The Anolis crassulus subgroup contains ten morphologically-conserved highland anole species found throughout Nuclear Central America. Its members have long been a source of headache for region’s systematists. To quote Meyer & Wilson (1971): “…specimens of the crassulus group from Guatemala and Mexico have a bewildering array of admixtures of the distinctive characters observed in Honduras… The inter-relationships of the populations… [of the crassulus group] are exceedingly complex, and… we are unable to suggest a satisfactory arrangement.” This was followed up 21 years later by McCranie, Wilson, & Williams (1992): “Clearly, a thorough analysis of crassulus-like specimens from throughout their range… is sorely needed”, and repeated by McCranie & Köhler (2015) 13 years after that.
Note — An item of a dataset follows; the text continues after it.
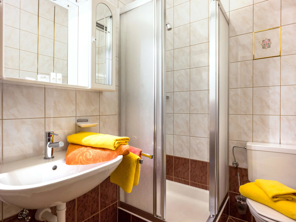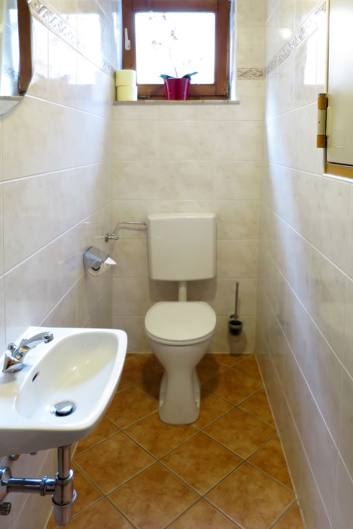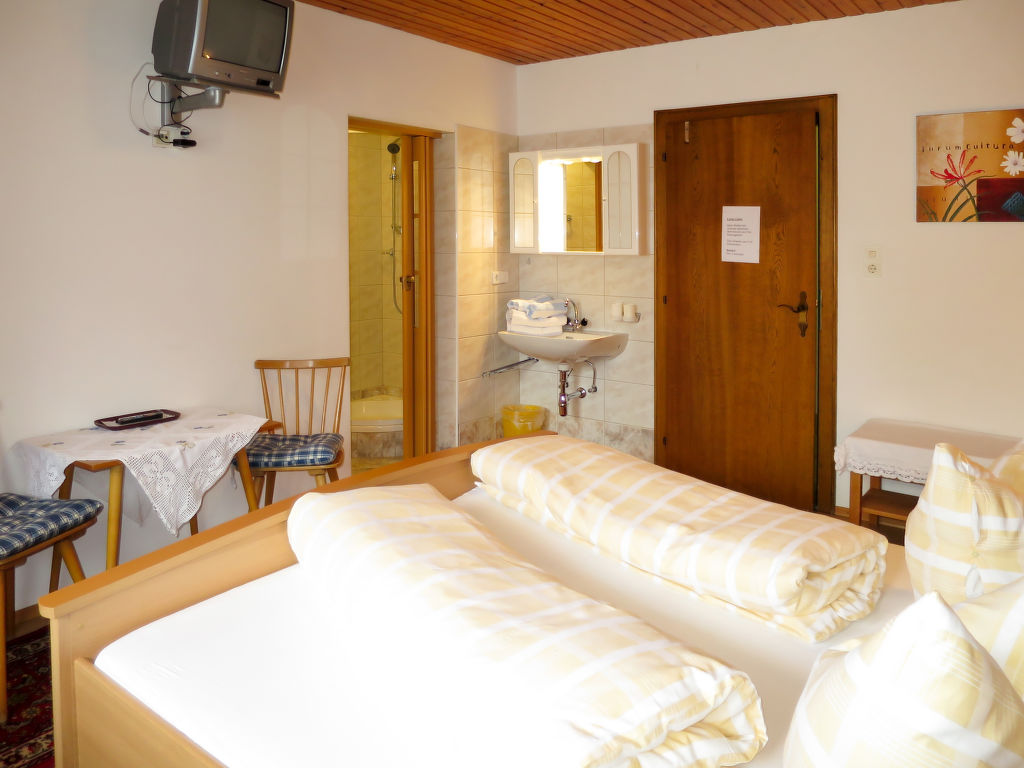 Das Gästehaus GISELA steht am Ortsrand von Bruck, ca. 500 m von der Ortsmitte entfernt. Zur Spieljochbahn in Fügen 9 km. 5 Parkplätze auf dem Grundstück. Sauna für 4 Personen (inklusive), Dusche/WC. Partyraum mit Bartheke, großer Eckbank und 2 Tischen (nur von außen zugänglich). Brötchenservice. Der Besitzer bewohnt eine der beiden Wohnungen im Hochparterre. In Hochparterre und 1. Etage jeweils umlaufender Balkon mit Mobiliar. Feriengerechte Einrichtung und gute Ausstattung. FGZ 360 mit Teppich-, Linoleum- und Laminatböden, in FGZ 361 Linoleumböden. Sat-TV, Radio. Internetzugang (WLAN, inklusive). Heizung. Hinweis: Rauchen ist im gesamten Haus nicht gestattet. Winter-Infos: Zur Spieljochbahn in Fügen 9 km. Skibushaltestelle ca. 200 m. Eine Langlaufloipe führt am Haus vorbei. Ski- und Schuhraum mit Skischuhtrockner.

Despite the need for a thorough investigation into this group, our understanding of the relationships and validity of these taxa has not improved much. This is partly because this subgroup has been poorly represented without broad sampling in larger-scale molecular phylogenies. Two samples in particular, an A. crassulus (from Chiapas, Mexico) and an A. sminthus (from Olancho, Honduras), have been continuously utilized, without additional samples from these species. Most recently, Nicholson et al. (2017; six species) and Poe et al. (2017; three) expanded the molecular sampling for this group, using single exemplars as part of broader analyses.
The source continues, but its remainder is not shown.